Daniel Buren is known as a radical innovator of contemporary art and Creator Projects is extremely proud to present the first solo exhibition with the French artist at EMMA – Espoo Museum of Modern Art. For EMMA, Buren has conceived a unique total work that has taken over EMMA’s 2500 square metre gallery space. Curated by EMMA’s Chief Curator Arja Miller and Simon Friese, director of Creator Projects, Buren’s Going for a Walk in a Zigzag invites visitors to navigate a zigzagging maze. The exhibition will also feature a selection of Buren’s iconic interventions and event-based pieces from his extensive career for the first time in Finland.
Les Paravents (Folding Screens) is a site-specific piece created by Buren exclusively for EMMA’s space. Drawing inspiration from the museum’s open, horizontal space and 100-metre-wide window, the work consists of a maze of giant, colourful folding screens and Buren’s signature exploded cabins (cabanes éclatées), which create surprising new spaces and varying views in which the viewer is immersed.
The exhibition will also spill outside the walls of the museum with a line-up of open-air events and interventions. A week before the opening, Buren’s signature vertical stripes enlivened Helsinki’s and Espoo’s winter landscape on over 300 JCDecaux billboards across the two cities. Buren is known for his practice of using 8.7 cm-wide vertical stripes as a visual tool to reveal hidden aspects of familiar spaces.
Also featured is Ployer/Déployer, an open-air piece of 105 striped flags to fill Espoo’s Tapionaukio square in May. Buren’s famous stripes will additionally appear on the sails of optimist dinghies competing in a regatta on Nuottaniemi Bay in a piece called Voile/Toile – Toile/Voile (Sail/Canvas – Canvas/Sail), organised in collaboration with the Espoo Pursiseura Yacht Club EPS.
Striped vests will transform the museum’s customer service personnel into a living part of a work called Essai hétéroclite: Les Gilets, travail situé (Vests). The personnel will wear striped vests throughout the duration of the exhibition.

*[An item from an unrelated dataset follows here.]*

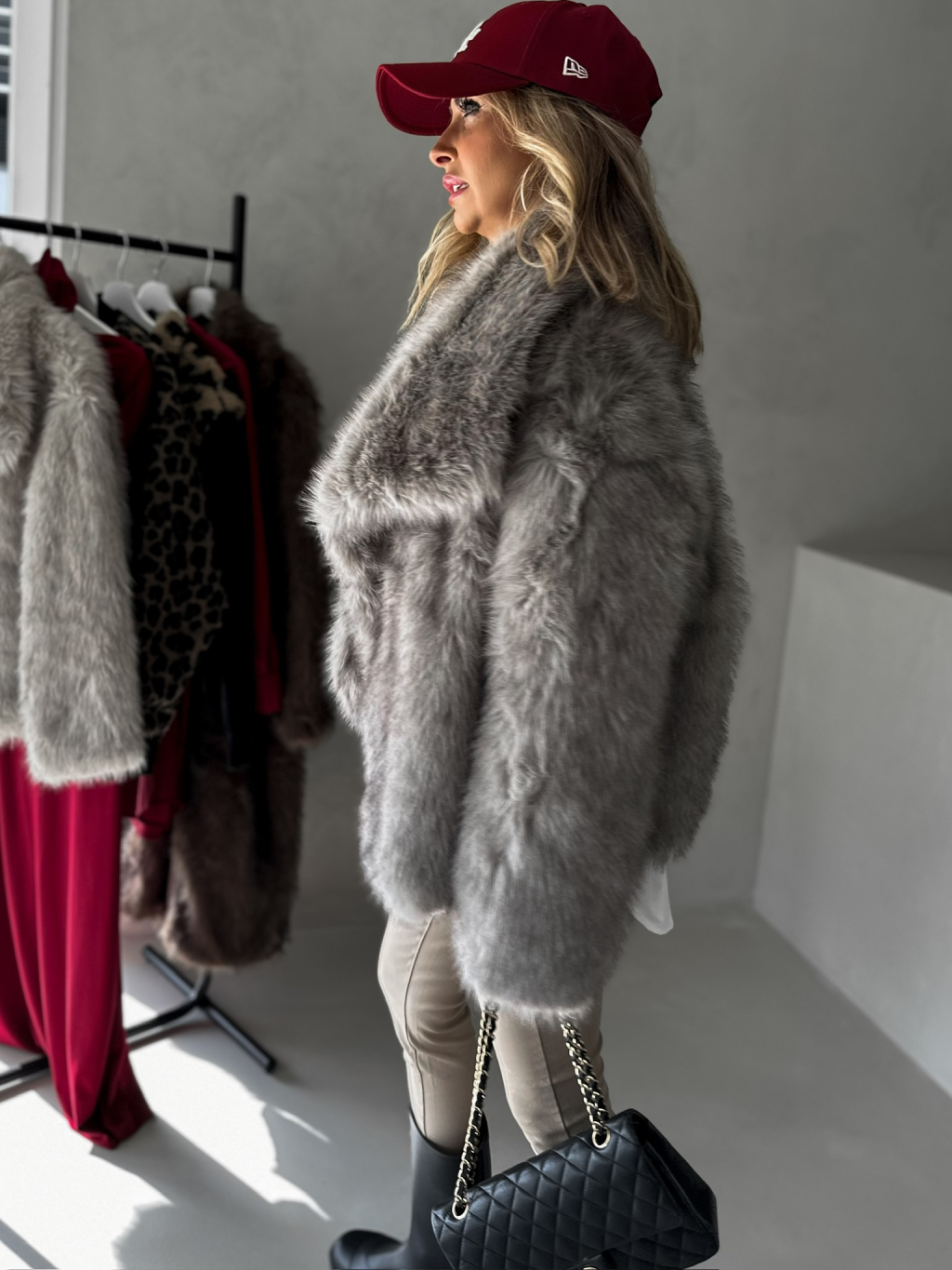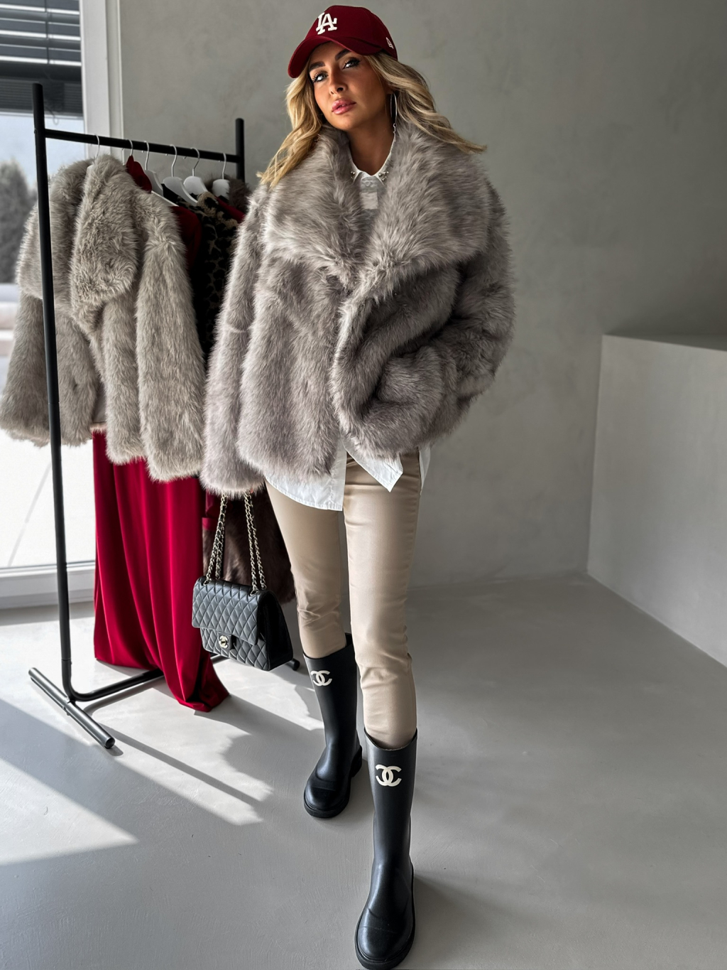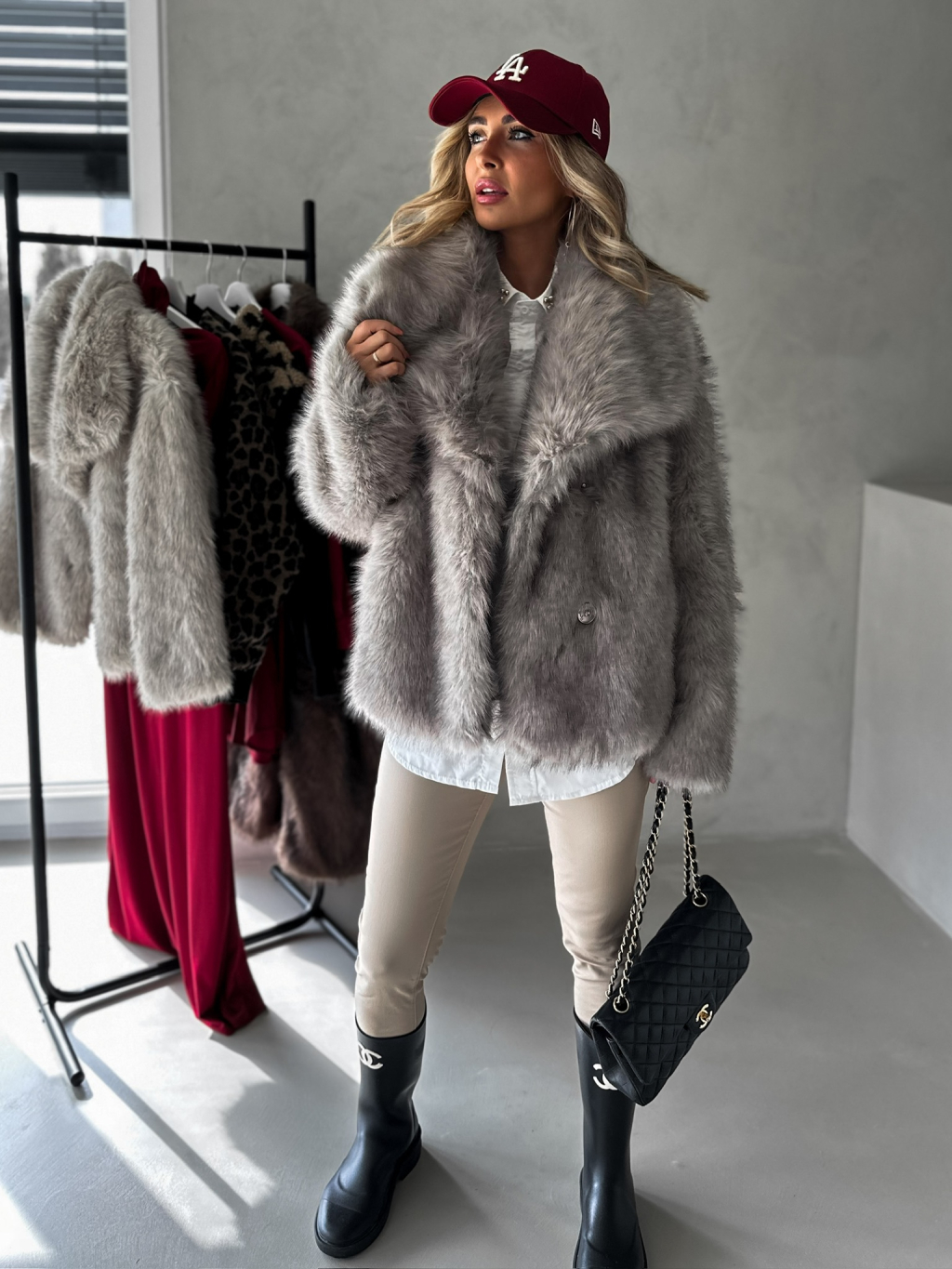 Krémový krátky faux fur kožušinový kabátik KIRIAK

Daniel Buren (b. 1938) regards every space as being full of possibilities. In a career spanning six decades, this pioneering French artist has challenged conventional ideas about art with his ephemeral, site-specific, boundary-pushing works critiquing art institutions. Buren is a widely acclaimed artist and winner of numerous major awards including the Golden Lion for best pavilion at the Venice Biennale in 1986. One of his most famous permanent public works, Les Deux Plateaux – more commonly known as the Colonnes de Buren – is located in the inner courtyard of the Palais Royal in Paris.